Mais le plan migrant présenté par le gouvernement le 12 juillet dernier ne prévoit pas la création de nouveaux centres de premier accueil (CPA) ?

Les mots du Président impliquent donc un amendement du plan migrant, tel qu’il a été présenté il y a quinze jours. Sans nouveaux centres dans les grandes capitales régionales, ça ne peut pas fonctionner. Il faudra donc modifier le plan exposé par le gouvernement.

Le Président a réaffirmé sa volonté d’une réduction du traitement des demandes d’asile à six mois. C’est un objectif ambitieux ?

Si les moyens sont mis en œuvre, cette décision qualitative ne sera pas remise en question. Oui, je pense que cet objectif peut être atteint. Encore une fois, la réduction des délais implique une hausse importante du budget consacré à l’Office français de protection des réfugiés et apatrides (OFPRA) et à la Cour nationale du droit d’asile (CNDA). On ne peut pas faire cette réforme avec des moyens constants. Mais quand on dit ça, cela sous-entend la mise en place d’un plan pluriannuel, car réduire les demandes ne se fera pas en quelques mois. On ne peut plus seulement proposer des solutions d’urgence. La volonté d’anticipation, d’harmonisation et d’efficacité du gouvernement est une parole publique importante.

Le Président a aussi évoqué dans son discours «l’inefficacité complète» des reconduites à la frontière, qu’en pensez-vous ?

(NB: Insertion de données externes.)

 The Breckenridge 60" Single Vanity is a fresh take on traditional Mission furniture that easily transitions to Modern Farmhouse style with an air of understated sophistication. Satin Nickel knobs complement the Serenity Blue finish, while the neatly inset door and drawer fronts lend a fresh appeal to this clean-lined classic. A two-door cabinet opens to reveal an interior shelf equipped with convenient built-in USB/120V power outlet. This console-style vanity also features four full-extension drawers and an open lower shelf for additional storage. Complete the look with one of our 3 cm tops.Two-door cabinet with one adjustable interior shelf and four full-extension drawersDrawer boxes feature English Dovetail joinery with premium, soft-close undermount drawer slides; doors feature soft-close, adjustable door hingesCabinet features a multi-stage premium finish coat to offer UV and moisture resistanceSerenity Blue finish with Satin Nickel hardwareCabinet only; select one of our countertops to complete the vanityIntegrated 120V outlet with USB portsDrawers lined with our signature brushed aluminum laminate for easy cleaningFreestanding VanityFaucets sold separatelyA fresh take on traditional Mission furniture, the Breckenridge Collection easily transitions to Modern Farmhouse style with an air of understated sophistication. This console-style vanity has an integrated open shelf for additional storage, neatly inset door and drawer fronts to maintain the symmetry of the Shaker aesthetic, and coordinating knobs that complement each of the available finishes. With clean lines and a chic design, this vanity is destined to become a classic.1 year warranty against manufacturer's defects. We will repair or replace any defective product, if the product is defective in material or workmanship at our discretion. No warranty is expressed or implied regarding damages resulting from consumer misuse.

Ce n’est pas complètement faux. Mais c’est une question complexe, car nous sommes dans un état de droit, avec des règles européennes. D’autant plus que l’éloignement ne se pratique pas de manière collective : chaque cas est différent, les dossiers sont examinés de manière individuelle. Il me paraît légitime de reconduire dans leur pays les personnes qui se sont vues refuser l’asile si cela, et j’insiste sur ce point, ne contrevient pas à la Convention européenne des droits de l’homme.

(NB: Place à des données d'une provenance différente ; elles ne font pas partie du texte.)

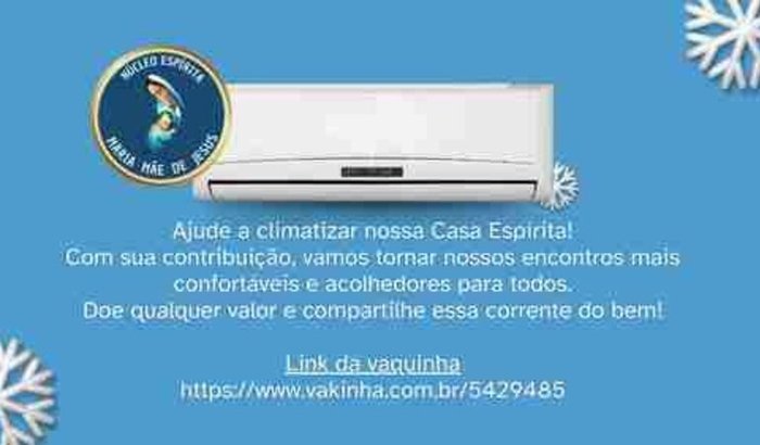 Lançamos essa vaquinha solidária com o objetivo de climatizar os ambientes do Núcleo Espírita Maria Mãe de Jesus, garantindo bem-estar tanto para os trabalhadores quanto para os frequentadores, inclusive idosos e crianças.

L’intégration des personnes ayant obtenu l’asile est aussi l’un des principaux défis du quinquennat ?

Les objectifs fixés par Emmanuel Macron sont évidemment nécessaires pour améliorer l’intégration. Sur l’année dernière, près de 36 000 personnes ont accédé au statut de réfugié. Cette proportion n’est pas marginale. En 2017, ce sera la même chose. En France, nos discours de politique d’intégration sont toujours emprunt d’un grand lyrisme. Mais cette politique publique est totalement déficiente, c’est l’enfant pauvre de nos politiques publiques ! Déjà en termes de moyens. Prenons un exemple : pour s’intégrer, il faut pouvoir parler la langue. Or, en France, notre politique linguistique pour les primo-arrivants, c’est 200 heures de cours de Français pour seulement un cinquième de ces primo-arrivants. Ce n’est rien. A titre de comparaison, l’Allemagne prévoit 900 heures d’enseignement linguistique.

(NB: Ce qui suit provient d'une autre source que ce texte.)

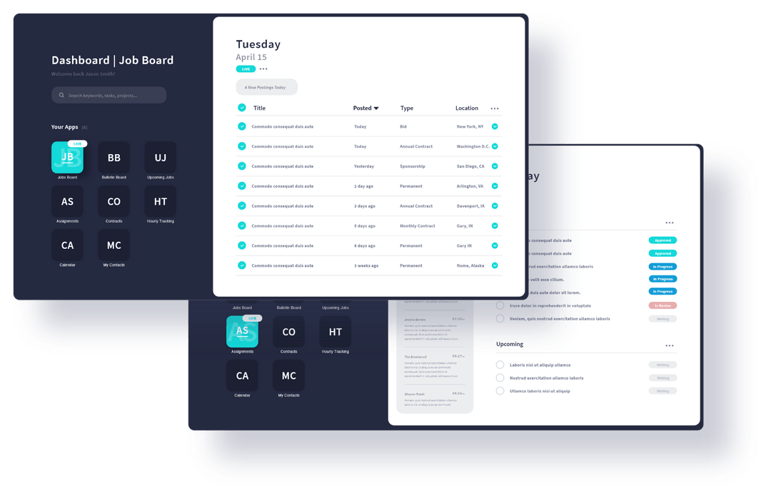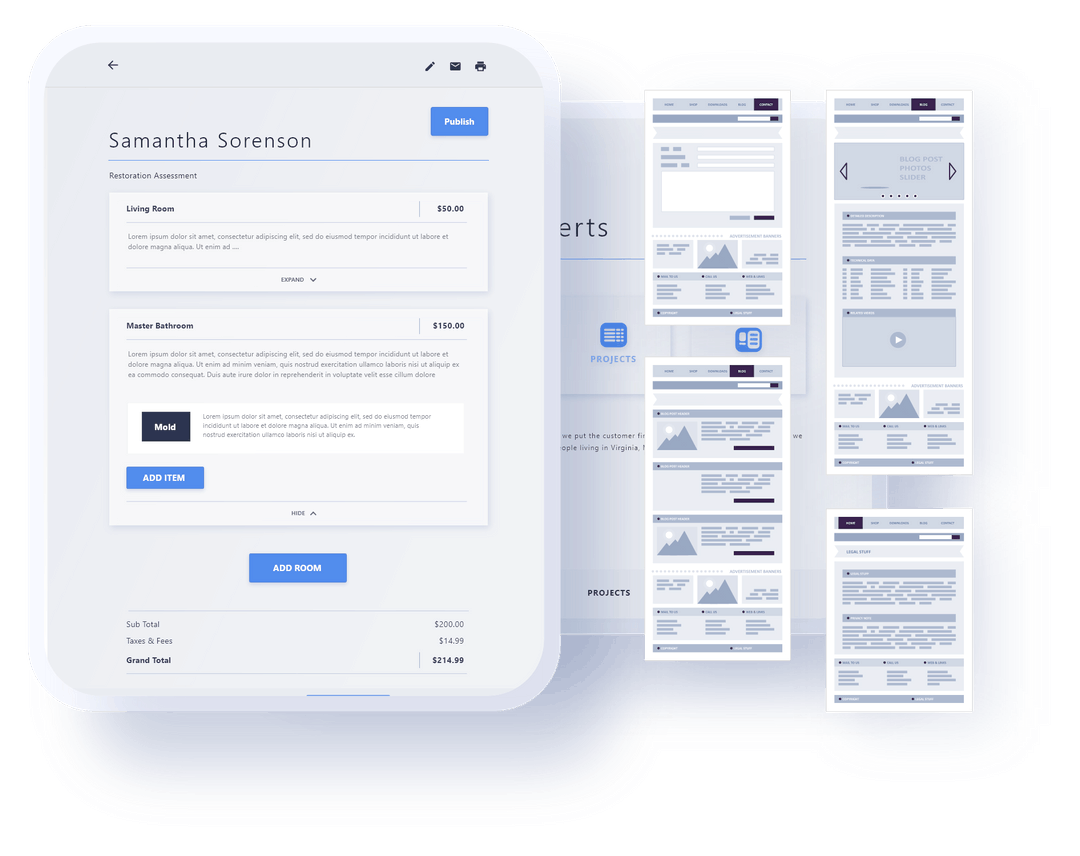Pictured right, is a business application design with completed screens for a management system for a restoration company.

Que préconisez-vous pour améliorer l’intégration des réfugiés ?

Déjà, il faut savoir que les réfugiés à qui on a accordé l’accueil mettent, en règle générale, dix ans pour obtenir un emploi stable. Et quinze ans pour se retrouver dans des situations comparables à celle des «natifs». Je ne parle même pas des femmes réfugiées ou de celles accueillies au motif du regroupement familial, dont le taux d’emploi est encore plus faible. Ce qu’il faut absolument, c’est coordonner l’ensemble des acteurs de l’intégration, qui sont aujourd’hui dispersés. En 2015, l’Allemagne a mis en place un plan pluriannuel sur quatre ans, adossé à 75 milliards d’euros de budget. Toutes proportions gardées, je pense que nous devons faire la même chose. Ce processus de programmation nous permettra de rendre notre politique d’intégration plus efficace et plus harmonieuse.